Lesson 15 of the SQL Optimization Course: Index Design (MySQL Index Structures)

Introduction

For relational databases, the design of tables and SQL is written are particularly crucial. It wouldn’t be an exaggeration to say that they account for 90% of performance. So this time, specifically targeting these two major knowledge areas, we’ll conduct a detailed analysis for you, peeling back the layers.

This Series uses plain and understandable language and selects a large number of examples to elaborate on the subtleties for you.

🧑‍💻 Target audience:

DBA
Database developers
Students

We will use MySQL as the demonstration database.

In the previous article (Episode 15: Index Design (B+ Tree Organization)), we discussed why databases predominantly use B+ trees for index storage: they are well-suited for disk storage, leverage the properties of balanced multi-way trees, support disk pre-reading, and efficiently handle equality, range, and sequential scans. This article focuses on the index organization methods of MySQL’s two commonly used engines: MyISAM and InnoDB. Understanding these storage mechanisms is crucial for database optimization.

Clustered Index: Also known as a Clustered Index, this type of index ensures that the physical order of records in a table matches the logical order of the index. Since a table can only be stored in one physical order, a table can have at most one clustered index. Compared to non-clustered indexes, clustered indexes offer faster retrieval speeds.

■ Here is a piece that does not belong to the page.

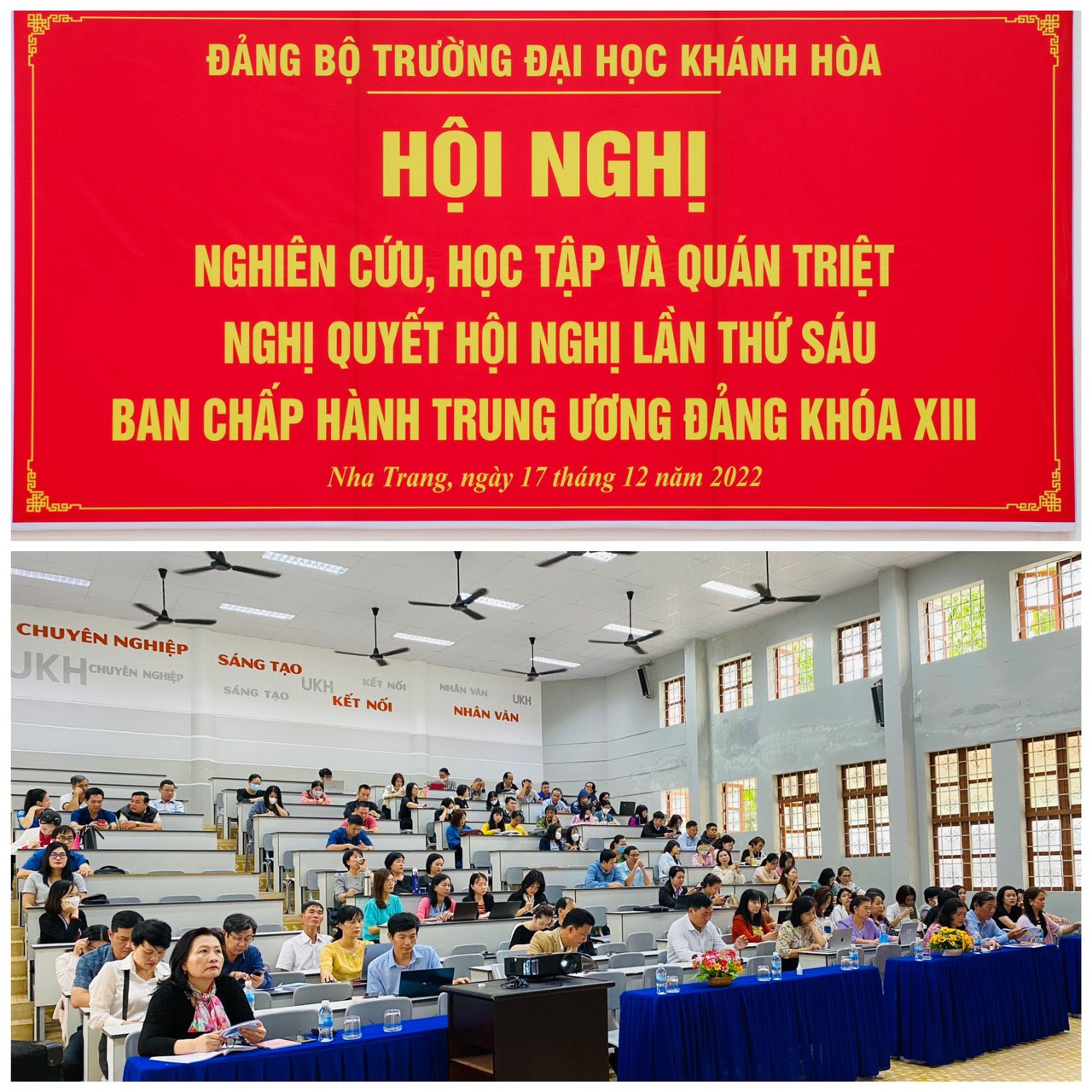 Thực hiện Kế hoạch số 113-KH/TU ngày 23/11/2022 của Ban Thường vụ Tỉnh ủy về tổ chức nghiên cứu, học tập, quán triệt và tuyên truyền Nghị quyết Hội nghị lần thứ sáu Ban Chấp hành Trung ương Đảng khóa XIII; Kế hoạch số 25-KH/ĐU ngày 01/12/2022 của Đảng ủy Trường, ngày 17/12/2022, tại Giảng đường 1, Đảng ủy Trường Đại học Khánh Hòa đã tổ chức Hội nghị nghiên cứu, học tập và quán triệt Nghị quyết Hội nghị lần thứ sáu Ban chấp hành Trung ương Đảng khoá XIII.

In MySQL, only InnoDB tables support clustered indexes. The data in InnoDB tables is itself a clustered index, often referred to as an Index-Organized Table (IOT). Non-leaf nodes are ordered by the primary key, and leaf nodes contain the primary key and the corresponding row data. As a result, performing a full table scan in sequence is very fast for InnoDB tables.

Non-Clustered Index: Also called a Secondary Index, this type of index stores non-leaf nodes ordered by the index key values, while leaf nodes contain the index key values and the corresponding primary key values. In MySQL, apart from the primary key in InnoDB tables, all other indexes are secondary indexes. Engines like MyISAM and memory tables use non-clustered indexes. In simple terms, the index and row data are stored separately. A table can have multiple secondary indexes.

MyISAM tables are typical examples of tables where data and indexes are stored separately, with no fundamental difference between the primary key and secondary indexes. For instance, in a MyISAM table, the primary key and unique indexes are essentially the same.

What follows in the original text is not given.